OpenID pilot project for identity management starting up at NIH



Posted by: Alexander Howard
OpenID Foundation, Google, Yahoo, Facebook, National Institute of Health, MySpace, United States, AOL, OpenID, Identity management, authentication, NIH, privacy

As I reported last month, the U.S. federal government will try using OpenID as a federated identity framework for .gov authentication.

“The OpenID and .gov project’s goal is to make government more transparent to citizens,” said Don Thibeau, executive director of the OpenID Foundation at the OASIS Identity Management 2009 conference, referring the audience to IDManagement.gov.

There are now more than 1 billion OpenID-enabled accounts, according to Thibeau, with more than 40,000 websites supporting the framework, including technology companies Google, Yahoo, Facebook, AOL, MySpace, Novell and Sun Microsystems.

The OpenID identity management pilot at the National Institutes of Health (NIH) will be limited to conference registration, wiki authorization and library access, which require only Level of Access (LOA) 1 authentication.

Debbie Bucci, the integration services center program lead at the Center for Information Technology at NIH, talked about the success of existing identity management frameworks for authentication at the institute.

Bucci is cautious about implementing OpenID but sees utility in federated identity, given the success of InCommon, an identity framework at NIH. She expressed support for the “idea that you could take the same username and password and spread it around the business units.”

According to Bucci, NIH’s systems have more than 35,000 users, 250 service-level agreements and handle over 1 million transactions every day, 83% of which are external.
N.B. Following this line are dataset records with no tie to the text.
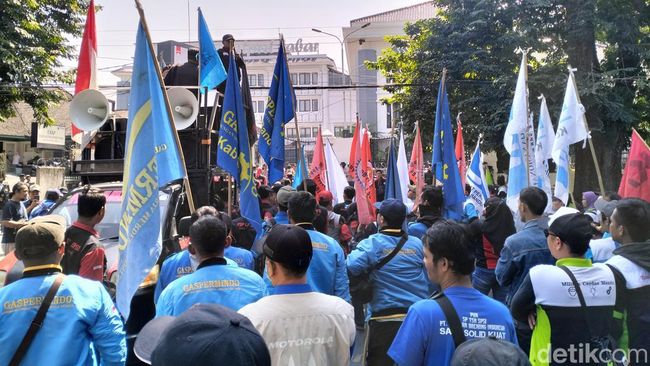 Pantauan detikJabar di lokasi pukul 12.00 WIB, massa buruh datang dari berbagai wilayah di Bandung Raya. Mereka melakukan aksi longmarch lebih dulu sebelum berorasi di depan gerbang DPRD Jabar di Jalan Diponegoro, Kota Bandung.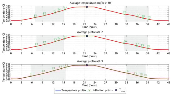 Maxima and inflection points of the three average temperature trends at H1 = 1 cm, H2 = 3.5 cm and H3 = 6 cm.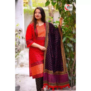 ব্ল্যাক রেড প্যাচওয়ার্ক শাড়ি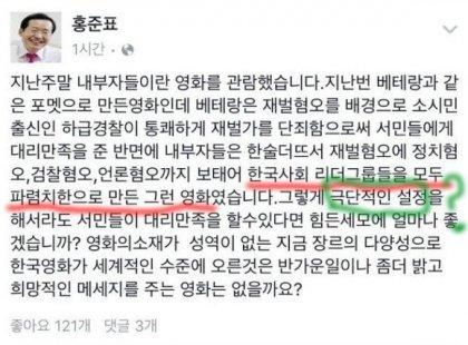영화를 영화로만 못받아들이는건 도둑이 제발 저리는것과 같은 증세라고 봅니다. 한동안 내부자들 본 외국친구들이 마치 한국 사회에 만연해있는 현상이냐라고 해서 영화는 영화일뿐이라고 강한 부정했건만, 정정 해야할듯 싶네요. | ||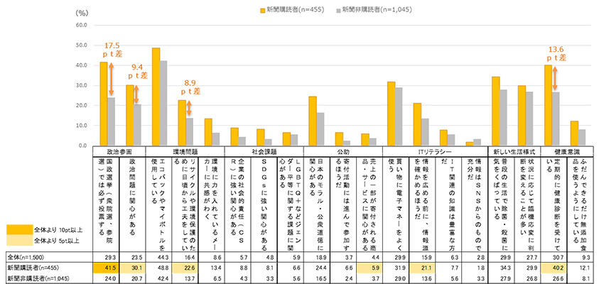 コロナ禍がもたらした新しい生活様式への対応にともない、生活者の考えや行動に多用な変化が見られた。政治への関心、環境など社会課題への向き合い方、自助と公助、デジタルや情報リテラシー、不確実な状況への対応や健康意識。今後定着してゆくであろう「ニューノーマル・コンシャス」とも言えるこういった意識や行動について、新聞購読者は非購読者より高いスコアを示している。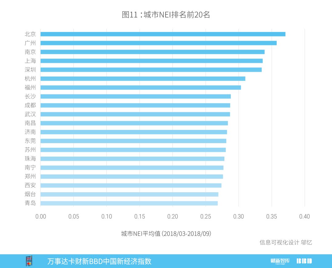 图11计算了2018年3月到2018年9月城市NEI平均排名,前五名为北京、广州、南京、上海、深圳。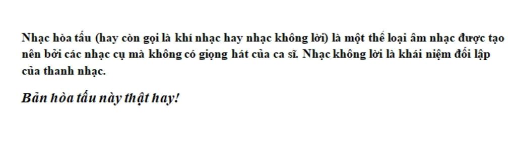hòa tấu là : (nhạc hoà tấu ) một thể loại âm nhạc được tạo nên bởi các nhạc cụ mà không có giọng hát của ca sĩ .nhạc không lời là khái niệm của thanh nhạc.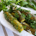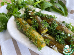 Готовим заливку-маринад: смешиваем сок лимона, чеснок, мед и оливковое масло. Мед можно заменить сахаром. В емкость, удобную для хранения в холодильнике, кладем кабачки и заливаем маринадом. Накрываем крышкой и убираем в холодильник не менее, чем на 6 часов. При подаче посыпаем укропом.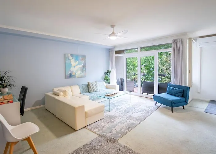 The 1-room Tranquil Oasis 2 Bdrm Pool Tennis Gym Melbourne apartment is situated around a 5-minute walk from the Malthouse Theatre and 20 km from Essendon Fields airport. This spacious apartment with a patio is located not far from the Eureka Skydeck.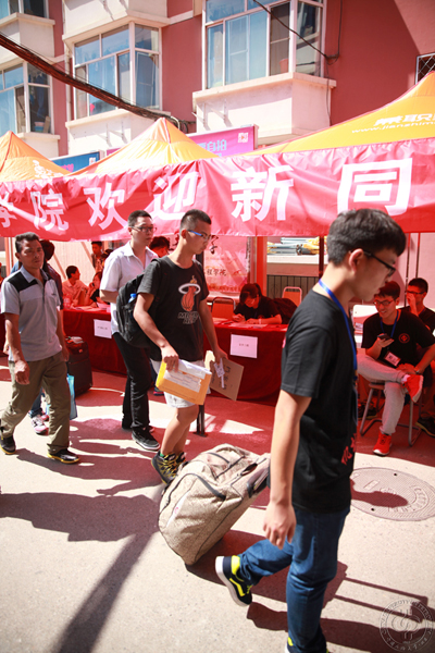 為迎接新生的到來,學校在火車站、北校區、潤杰學生公寓、陽光學生公寓、匯才學生公寓等地設立了新生接待點,從早上7點開始,各部門、各學院、各社團的工作人員和志愿者們就開始忙碌起來,以飽滿的熱情和良好的精神風貌為新生和家長提供細致的服務。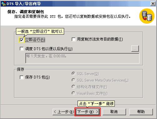 | 7. 設(shè)定調(diào)度方式,一般選“立即運(yùn)行”就可以,然后點(diǎn)“下一步”繼續(xù) | |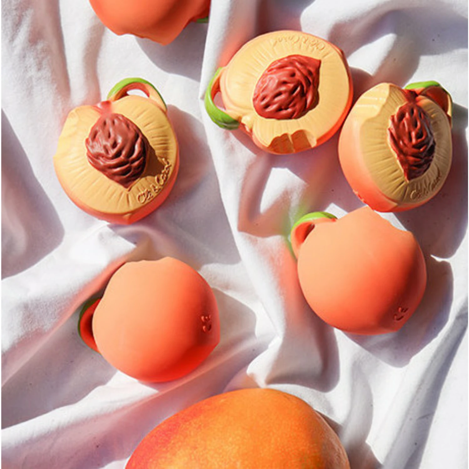La Pêche Palm à mordiller de la marque en caoutchouc naturel est un magnifique jouet sensoriel pour bébé, pouvant servir de jouet de dentition et de jeu de bain !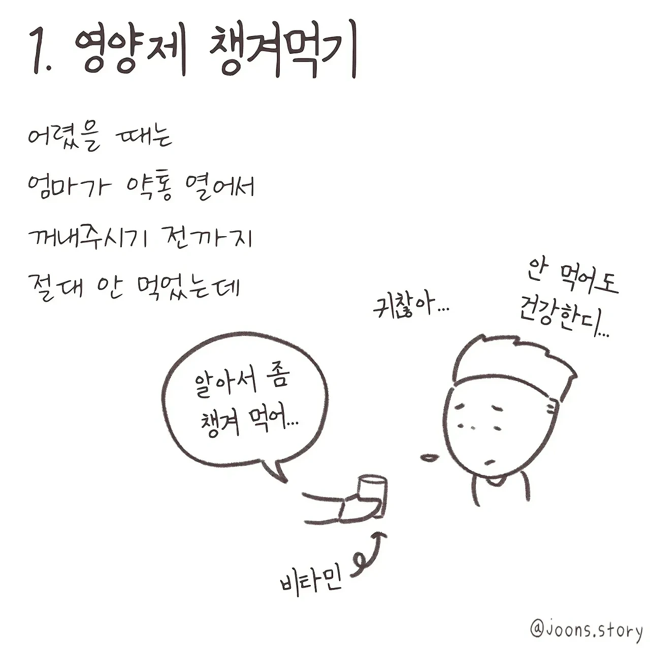 어릴 적 어머니께서 말씀하실 땐 꼼짝도 안 했었는데, 이제는 누가 시키지 않아도 알아서 하고 있는 일들이 있다.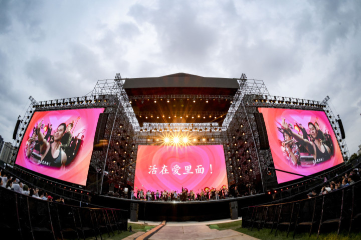 在青浦上达中央公园举行的水岸音乐节上,“艺术天空”特别呈现金承志&上海彩虹室内合唱团音乐会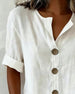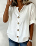 SPECIFIKATIONER Topptyp: Blusar Stil: Enkel Material: Bomull och linne Tillfälle: Dagligen Urringning: Rund nacke Mönstertyp: Enfärgade Typ av ärm: Vanlig ärm Ärmlängd: Halvärm Passform typ: Vanlig Säsong: Vår,Sommar Detaljer: Knappar Paketet innehåller: 1 x Blus STORLEKSTABELL(cm) Storlek Byst Längd S 97 65 M 101 66.5 L 105 68 XL 11...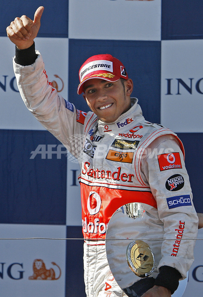 【メルボルン/オーストラリア 18日 AFP】F1・2007年シーズン開幕戦・オーストラリアGP(Australian Grand Prix 2007)・決勝。ポールポジションからスタートしたフェラーリ(Ferrari)のキミ・ライコネン(Kimi Raikkonen)は、2位に入ったマクラーレン・メルセデス(McLaren-Mercedes)のフェルナンド・アロンソ(Fernando Alonso)に7秒2差をつけて、シーズン開幕戦をポール・トゥ・ウィンで飾った。写真は、表彰台で授与されたトロフィーを高々と掲げるライコネン。(c)AFP/Torsten BLACKWOOD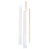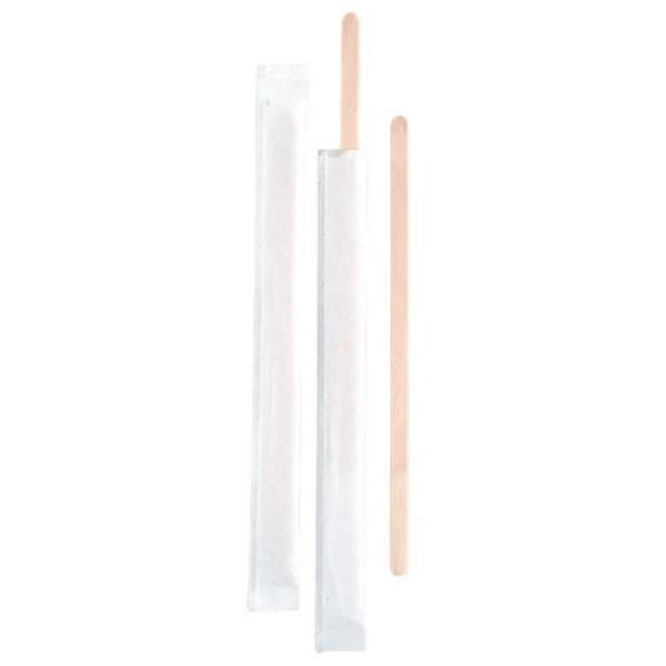 Bygreen Wooden Stirrers Individually Wrapped. Size: 140mm x 6mm. Colour: Natural/Kraft. Material: Wood. Edge: Square. Quantity: 1000 stirrers per pack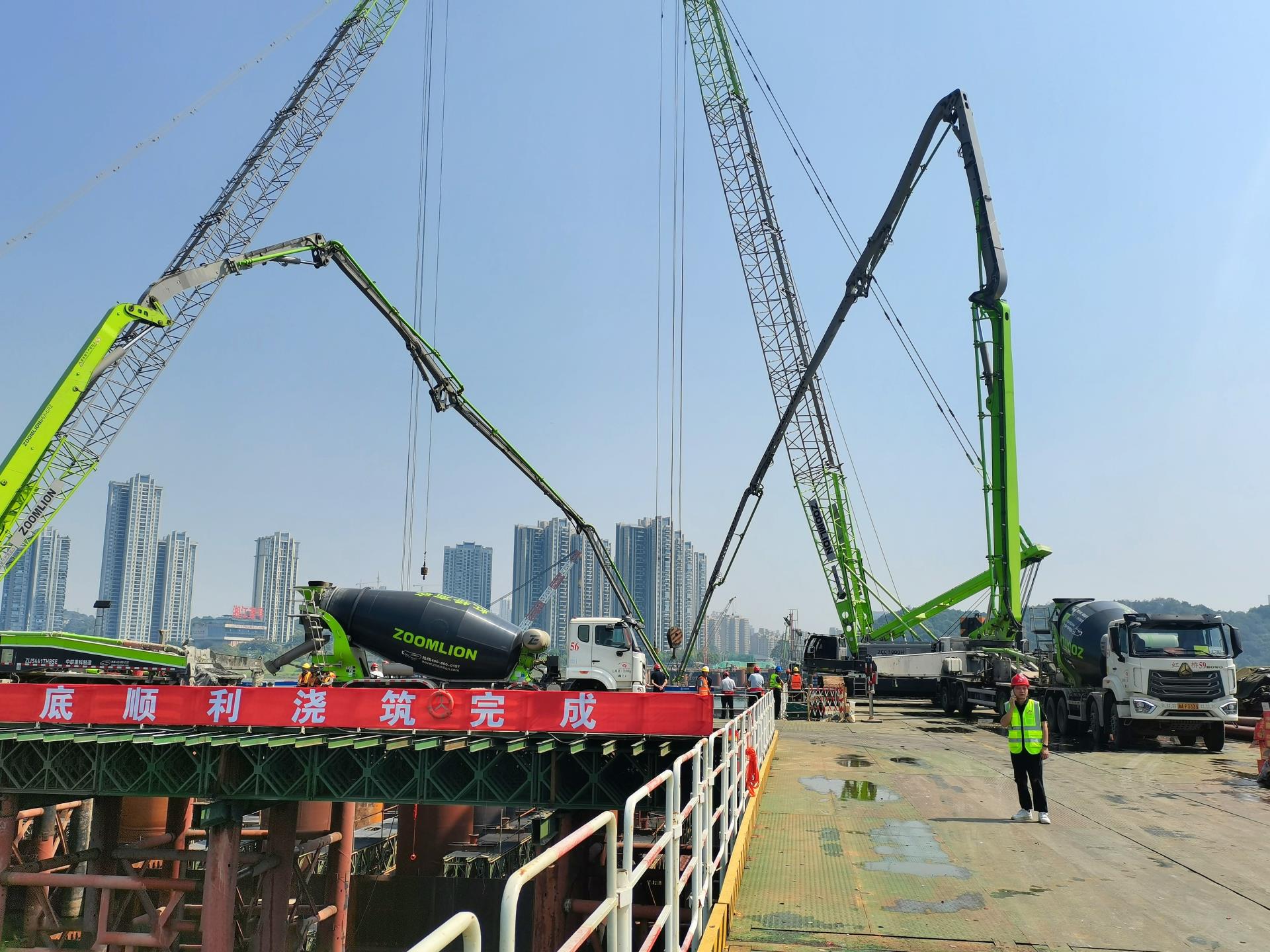 其主墩承臺設(shè)計為深埋式“啞鈴型”,鋼圍堰封底工作是**關(guān)鍵、也是連續(xù)作業(yè)時間**長的工序。為確保澆筑品質(zhì)和效率,施工方經(jīng)多方對比,**終選擇了中聯(lián)重科“凌云”系列泵車來完成任務(wù)。操作機(jī)手也對中聯(lián)重科的泵車情有獨(dú)鐘:“中聯(lián)的泵車臂架一直都很穩(wěn),打料快、油耗也低!”

Current user participation for InCommon is 21%, focused on higher education and research. The NIH’s electronic research administration supports more than 9,500 institutions and agencies, according to Bucci. By contrast, InCommon includes 165. More information about these identity management programs can be found at Federatedidentity.nih.gov.

According to Peter Alterman, senior advisor for strategic initiatives at NIH, the institute is continuing to work toward implementation of the Electronic Signatures in Global & National Commerce Act, also known as E-SIGN.

According to Thibeau, the core design principle for the trust framework is “openness,” meaning it will be open to all identity providers, qualified auditors, provider certification and evolution. He says that both the OpenID and Identity Card Foundations are working to collaborate with Harvard University’s Berkman Center and the Center for Democracy and Technology (CDT) to further expand the open trust framework.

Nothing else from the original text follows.